I had a few time in my life, either playing my flute (not an onanism) for an audience or in a deep conversation with someone who needed advice, or just being at the right place at the right time to make a difference to someone, where I felt completely at peace with whatever was happening around me. Sometimes it was a high pressure situation, sometimes not, but I always felt a different type of clarity about these times, where I felt like it was something I was meant to do. Not in a predestined way, really, just like I completely fit in with the situation because of who I was, not for anything I said or did.


I called these times "Crystallized moments" because that is what they felt like to me...a time that was just right, and I knew what I had to do without even thinking about it, just because being who I was I could do nothing else.

At times it was something trivial, or something that seemed trivial at the time, like a conversation I had with a girl I liked, where with one conversation I completely changed her life.....she said a few years later that that conversation made her think of things that she had never thought of before, and she changed her major to psychology because of it, and became a child therapist...rather than an art student. She went to a different school, met a guy, married...

It was all done in one sentence. I knew it before I spoke it, and it cost me a lot to say it...I had to decide what was right, and that moment, which probably lasted a tenth of a second, seemed to me to last however long I needed it to last to come to that decision. I never dated her because of what I said, and I had time to realize that too...but I couldn't say anything else and still be me.

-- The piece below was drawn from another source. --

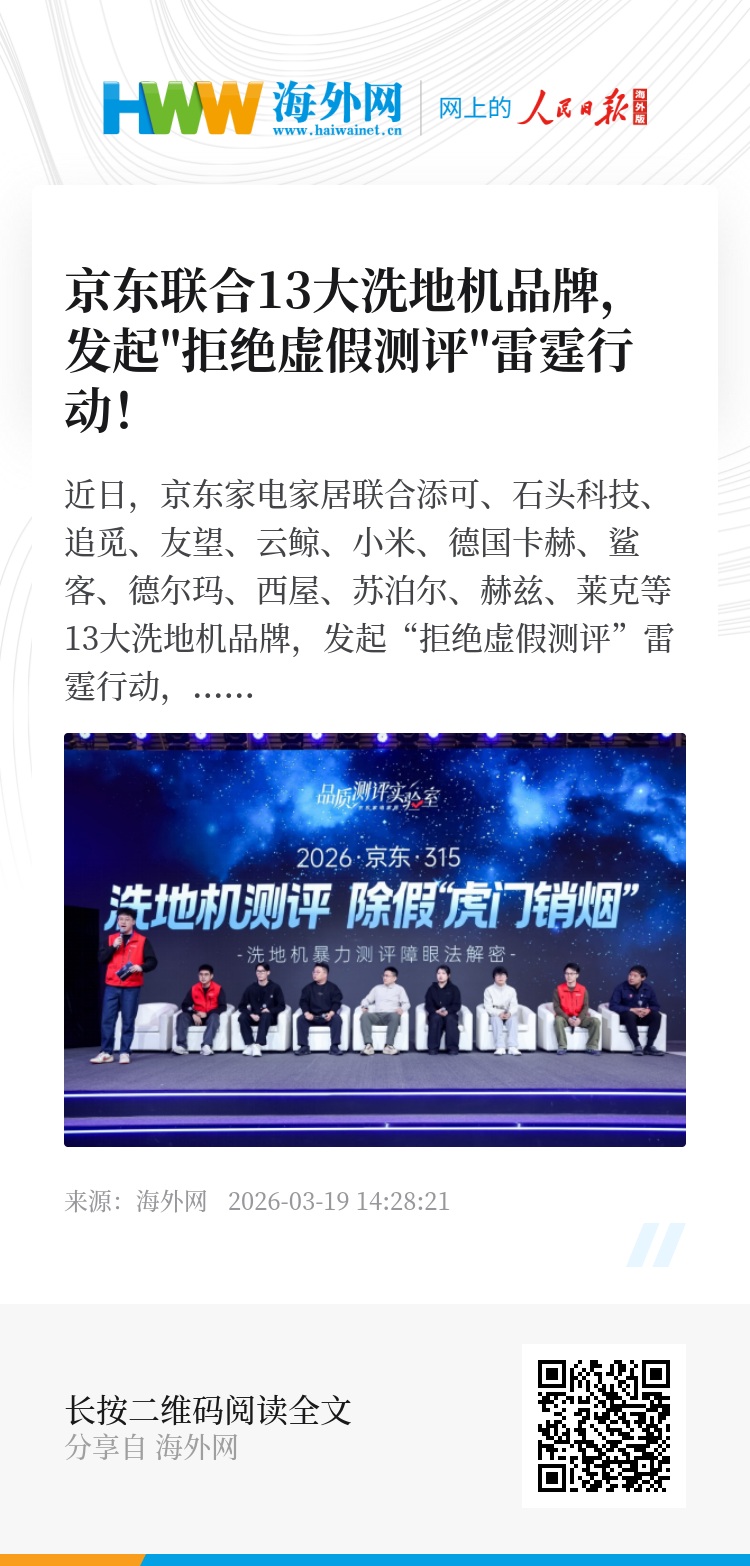 京东联合13大洗地机品牌共同抵制虚假评测行业乱象,不仅是一次正面回应,更是在推动洗地机行业重新厘清“测评”与“营销”的边界,促使行业竞争回到产品能力、技术创新和使用体验本身。京东希望与品牌共同推动测评内容回归真实、消费决策回归理性、行业竞争回归有序,持续助力洗地机行业朝着更加透明、规范、健康的方向发展。

I had a choice, but no matter how much I might have wished otherwise I could not have chosen anything else to say.


It happened when I was an EMT...I saw friends of mine die in an accident, 4 of them, and while I was trying to save their lives I was outside of myself, doing the right thing medically, but not knowing how I knew what to do or how to do it.


These times were pivot points in my life, or in others, and I remember every little detail about them, even now, years later. Even when I didn't know at the time what effect I would have, I had that feeling of flow, of being rather than doing.

Sometimes they were just a moment all to myself, where I just saw something so wonderful that I reacted without thought, and I remember....I remember an eagle landing in a birch tree after stealing a fish I had on a fishing line...I can still see every feather like it was right in front of me now. [Big Grin]


I think that is what you meant, those times when you act by not acting, by being who you are fully in those moments, those crystallized moments in time.